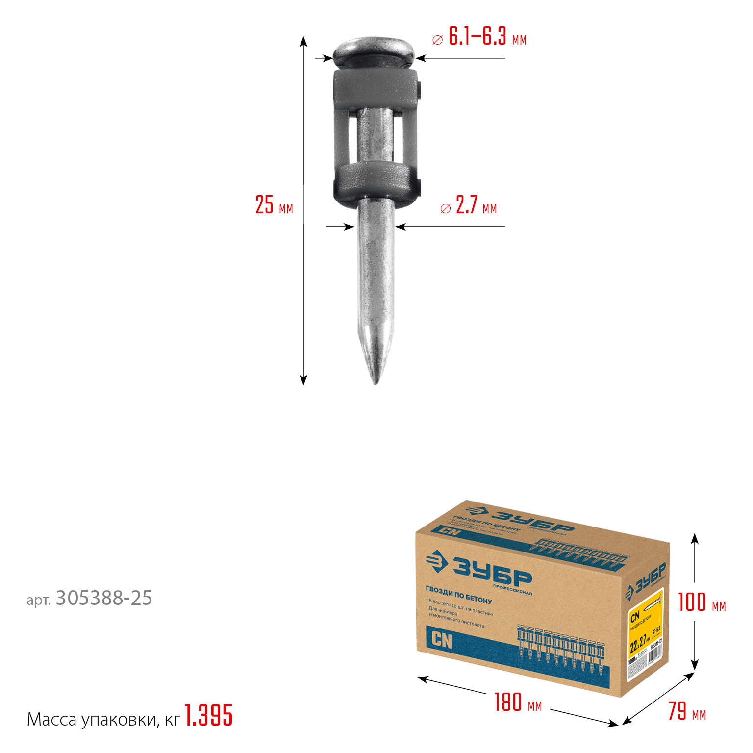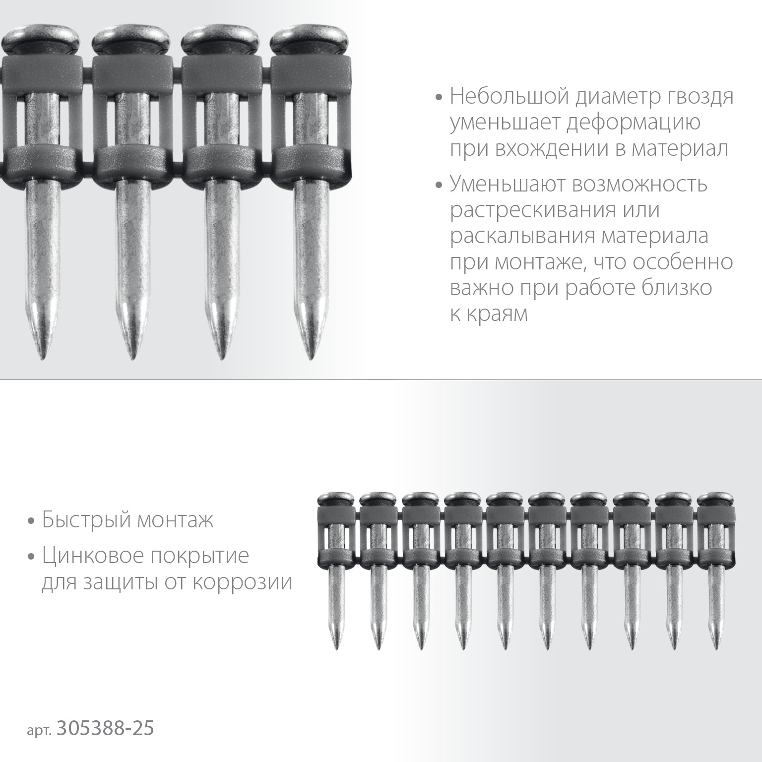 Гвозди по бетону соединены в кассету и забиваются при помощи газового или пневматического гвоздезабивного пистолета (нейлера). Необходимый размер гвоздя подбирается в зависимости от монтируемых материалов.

-- -- --

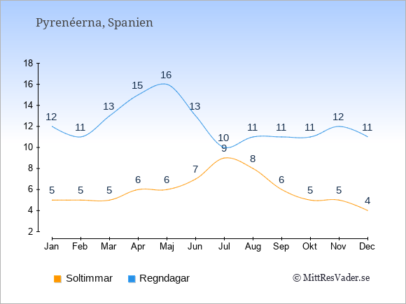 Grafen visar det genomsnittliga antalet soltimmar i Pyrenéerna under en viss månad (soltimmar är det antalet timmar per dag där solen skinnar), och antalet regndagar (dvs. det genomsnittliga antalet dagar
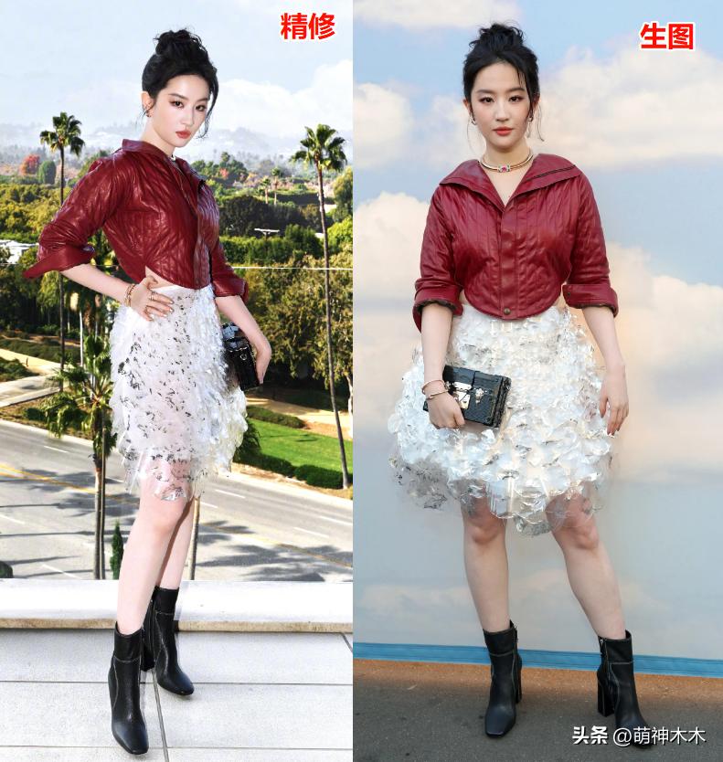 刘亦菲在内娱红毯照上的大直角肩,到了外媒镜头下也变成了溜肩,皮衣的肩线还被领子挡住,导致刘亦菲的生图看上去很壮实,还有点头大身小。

-- -- --

#### [Problem description]
Above, find the line with "Grafen visar det"; copy it and every line down to the line with "刘亦菲在内娱红毯照上的大直角", exactly and both included, but no pictures.

#### [Response to this exercise]
 Grafen visar det genomsnittliga antalet soltimmar i Pyrenéerna under en viss månad (soltimmar är det antalet timmar per dag där solen skinnar), och antalet regndagar (dvs. det genomsnittliga antalet dagar
 刘亦菲在内娱红毯照上的大直角肩,到了外媒镜头下也变成了溜肩,皮衣的肩线还被领子挡住,导致刘亦菲的生图看上去很壮实,还有点头大身小。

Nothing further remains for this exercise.